## Task goal
In full and word for word, copy the listing; no pictures belong in the copy.

## Available data
┏━━

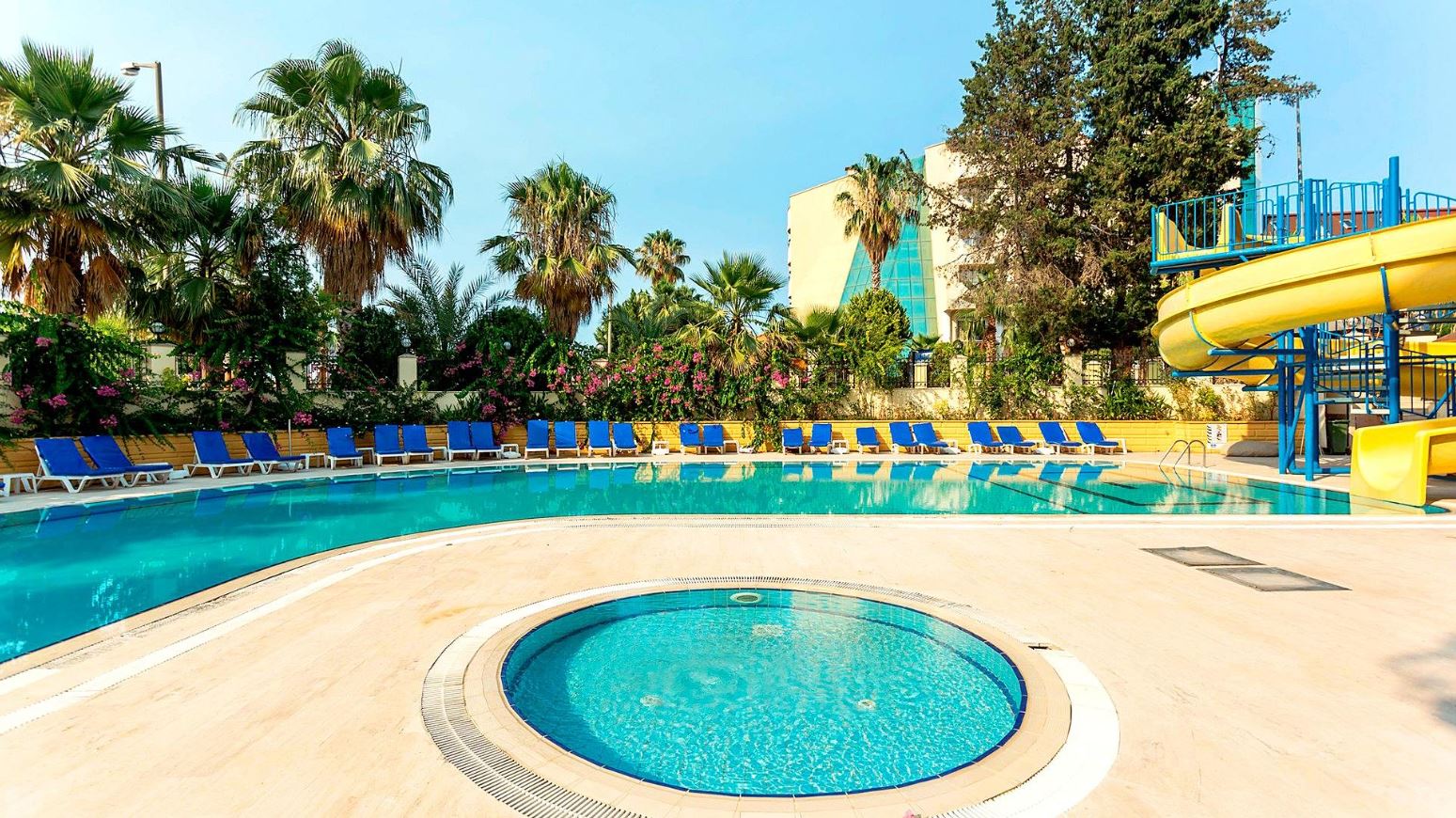 slunečníky a lehátka u bazénů zdarma, ručníky za poplatek
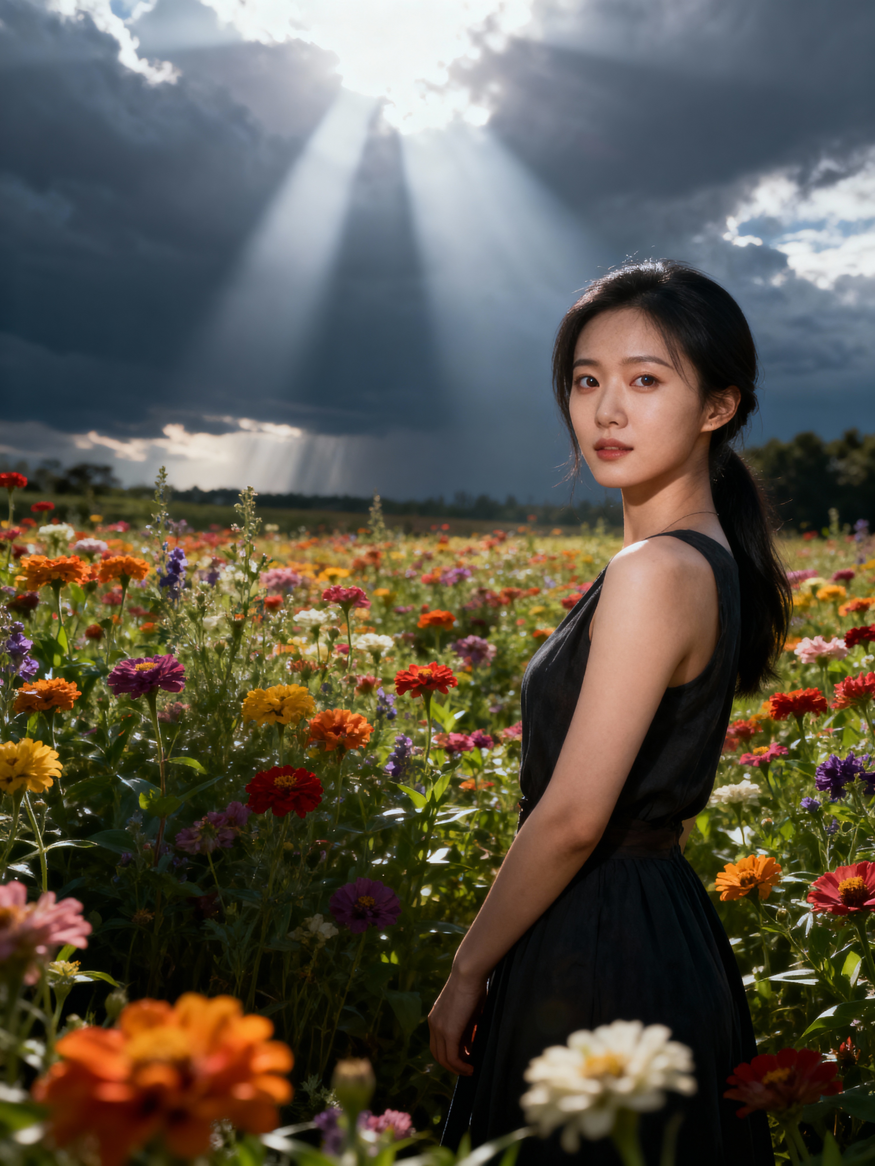 model | standing in field full of flowers | detailed gorgeous face! ! | full body! ! | god rays | intricate | elegant | realistic | hyperrealistic | cinematic | character design | concept art | illustration | digital art | digital painting | depth of field
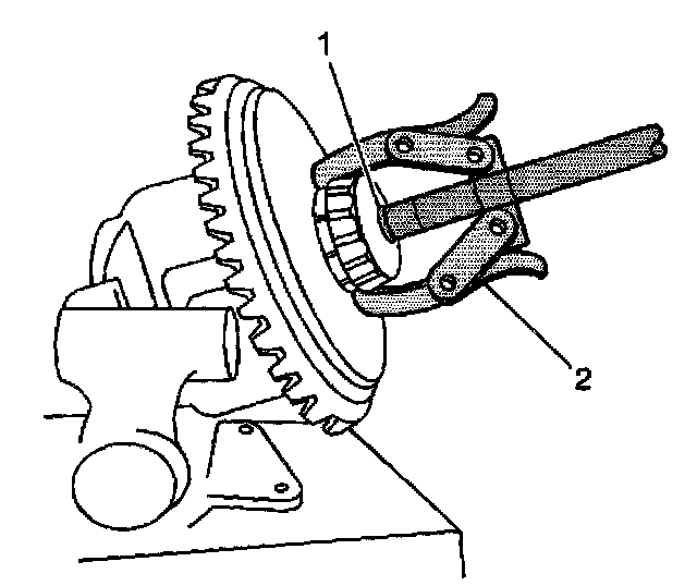 3. Remove the differential side bearings using the J 22888-20A and the J 8107-2.

┗━━

## Your response
 slunečníky a lehátka u bazénů zdarma, ručníky za poplatek
 model | standing in field full of flowers | detailed gorgeous face! ! | full body! ! | god rays | intricate | elegant | realistic | hyperrealistic | cinematic | character design | concept art | illustration | digital art | digital painting | depth of field
 3. Remove the differential side bearings using the J 22888-20A and the J 8107-2.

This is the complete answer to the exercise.